Hello ladies may I join you? I'm in the process of divorce but live in France and am apart from my very close friends who sometimes I want to talk to about normal life and not the antics of my STBXH.
I've told my story on MN before, basically me and DCs live in France, H was in UK working Mon-Fri would come and visit on a weekend. Visits gradually became less and less and he claimed lack of money. Three weeks after our family holiday, he phoned me one Sunday afternoon and in a three minute phone call said, I don't want to be married to you anymore. Then turned his phone off for two weeks. In that two weeks he blocked me, my family and friends from his Facebook and declared he was in a relationship with OW. I immediately contacted a solicitor and filed for divorce. The OW had been putting messages on his FB while it said at the top "WankyBoy is married to Alex Rider" things like calling him Mr Wonderful and I really, really luffs you. I trusted him so much I thought it was just somebody with FB nonsense. It does make me think he must have told her some massive lies about our marriage or she really didn't give a stuff.

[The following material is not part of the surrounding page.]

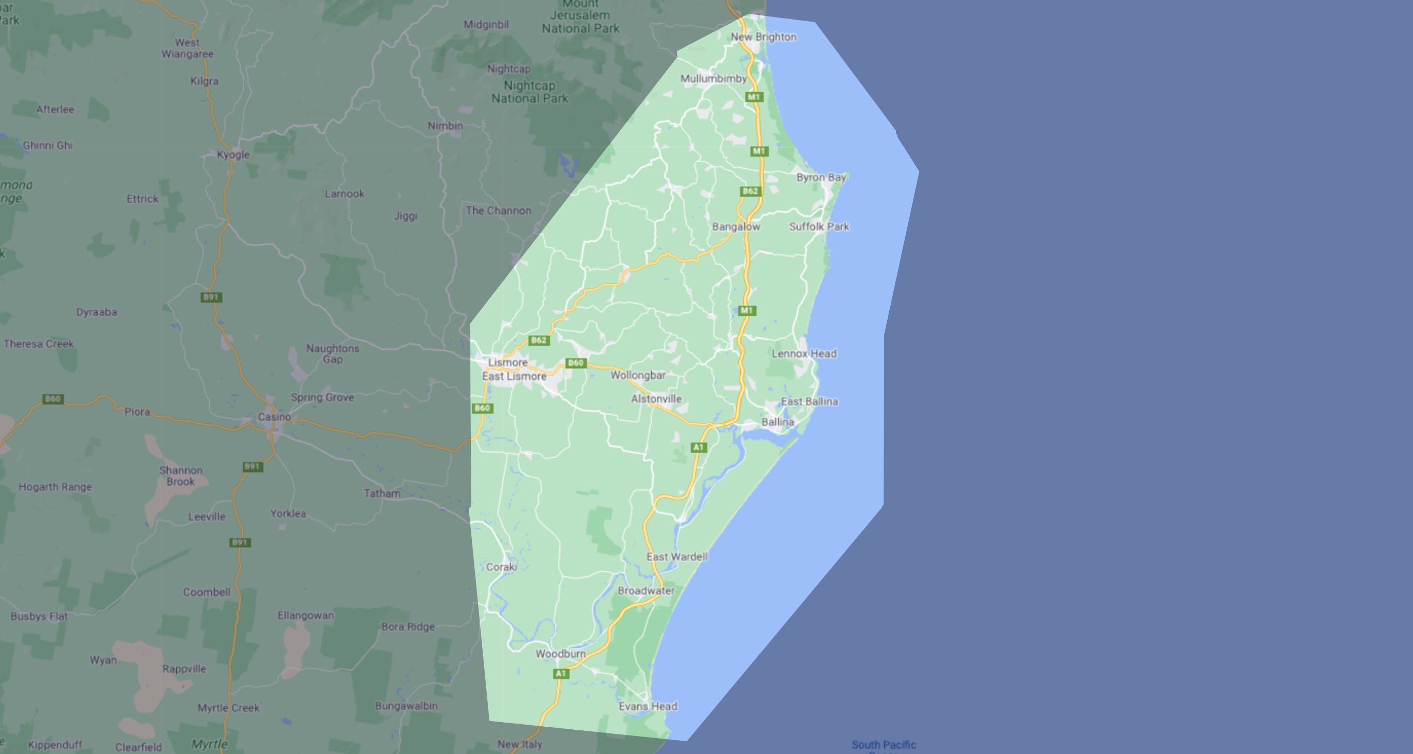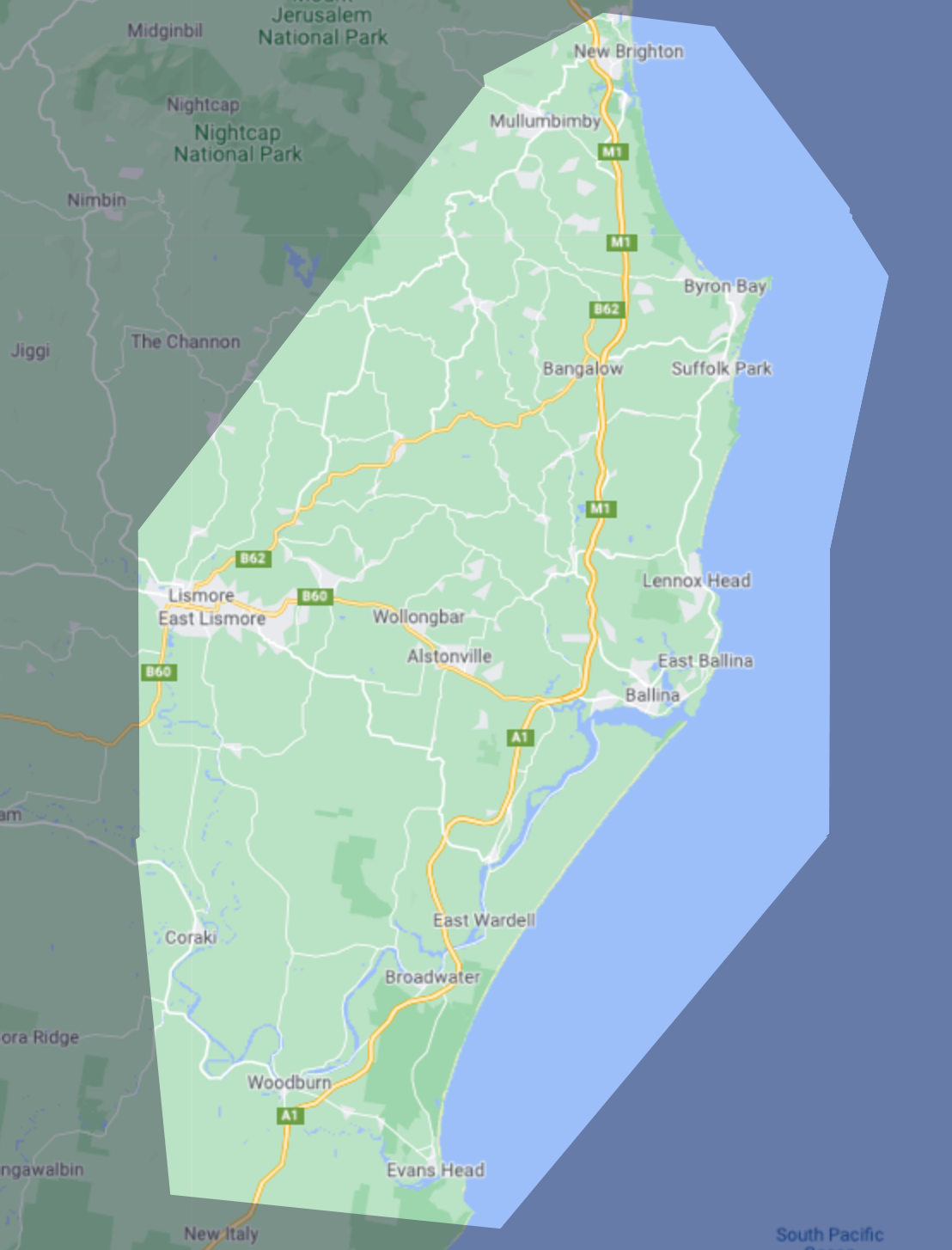 Evans Head to Brunswick Heads and across the Lismore region. All other areas by negotiation.

We now have Decree Nisi and are going towards Decree Absolute but he keeps changing his mind about things, sending me ranty emails etc, my response to this now is to ignore, ignore, ignore.
I realise although I was shocked and saddened at the sudden end of our marriage (17 years) once I'd got over that I was incredibly relieved, I'd fallen out of love with him years ago, he had quite serious issues with personal hygiene that he didn't address and just his attitude toward me generally was a turn off. Our oldest DC has SEN and I've been by myself for years dealing with that, H never really parented, although the DCS do adore him. However, since he left I find myself with an uncontrollable rage, it's not like me at all, and it's directed at him because of his treatment of the DCs. He has rarely visited them, when he does his day consists of time in front of a screen somewhere (iPad, DVD etc) and a sandwich from Lidl. They do stay overnight with him in a Travelodge style hotel but now he says he won't do that anymore because of the cost. He goes on about cost all the time, but the thing is I still access his credit card bills, he has literally spent in excess of £10,000 on credit cards since he left in August having a good time. He and OW go to restaurants, hotels, he has family days out with her and her DCs. I am so incredibly angry that his own DCs barely get the crumbs from the table. Although he pays maintenance at the same level as the CSA would stipulate.
I realise now he has always had a narcissistic personality, very much like a spoiled child, he has always wanted his gadgets and has left me and the DCs without money for food while he has bought a new camera and has even stolen from his employers just to get an iPad. He tries to blame me now for his debt, he doesn't know I can see his credit cards, it's shocking he is now £14,000 in debt on cards. I'm guessing the OW doesn't know yet, but I'm sure the good times will stop when the credit runs out and then where will he be?
I am so angry at him for being this great dad to the OW's kids, she even calls her youngest "our boy", they've only been together since the end of June, beginning of July as far as I can make out. He hasn't seen my own DCs this year, again claiming cost, but I know he and the other woman are going to gigs and staying in expensive hotels. I'm the one who has to deal with the questions about when is daddy coming to visit?
Sorry, this has been incredibly long, but like I say, I'm so angry with him for his neglect of our beautiful DCs. I fully anticipate that by the end of the year he will have forgotten about them. It's so sad.